If development practitioners aim to improve people’s lives – either by providing improved healthcare or ensuring access to justice – they need to engage with the multiple providers of these services that people actually use, rather than just one part of the system.
In 2012, while interviewing a chief in Sierra Leone, our discussions were interrupted by a couple who had come to see the chief to resolve a dispute. The man was standing for Parliament in the 2012 elections and someone had defaced his campaign posters. When the woman reproached the alleged culprit, he verbally abused her. The chief deemed the defacement of the campaign posters a matter of electoral law and thus outside his jurisdiction. He encouraged the couple to take the matter to the Sierra Leone Police, despite the couple’s plea that the chief could act much faster. However, the verbal abuse suffered by the women did fall within the chief’s jurisdiction under customary law. After establishing the name and address of the accused, the chief issued a summons requesting that he attend a hearing at the chief’s house that weekend. The woman paid the chief a fee of 25,000 Leones (approximately 3.40 GBP) for the issuing of the summons and the couple departed.
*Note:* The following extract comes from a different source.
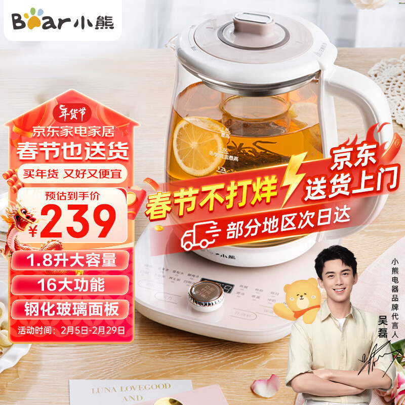 小熊(Bear)养生壶热水壶煮茶器 煮茶壶 电水壶 恒温电热水壶 保温花茶燕窝壶 YSH-C18S2带炖盅1.8L 烧水壶价格:239.00元!

More than 15 years of reforms of the justice sector in Sierra Leone have focused overwhelmingly on state systems [^], despite the fact that the majority of Sierra Leoneans access justice through alternative means. While ‘informal’ dispute resolution is not always benign, the above story does make clear the disconnect between donor-sponsored reforms and the reality of how justice is sought at the local level.
Similar challenges can be seen in the health sector. During research in Sierra Leone [^] this year, communities spoke of taking sick infants to traditional healers, rather than government-run clinics, because they were more accessible, affordable and provided important treatments for spiritual causes of illness. This is despite massive investments in the health sector and the launch of the Free Health Care Initiative [^] in 2010, making basic health services for pregnant women and children under five free (at least in theory).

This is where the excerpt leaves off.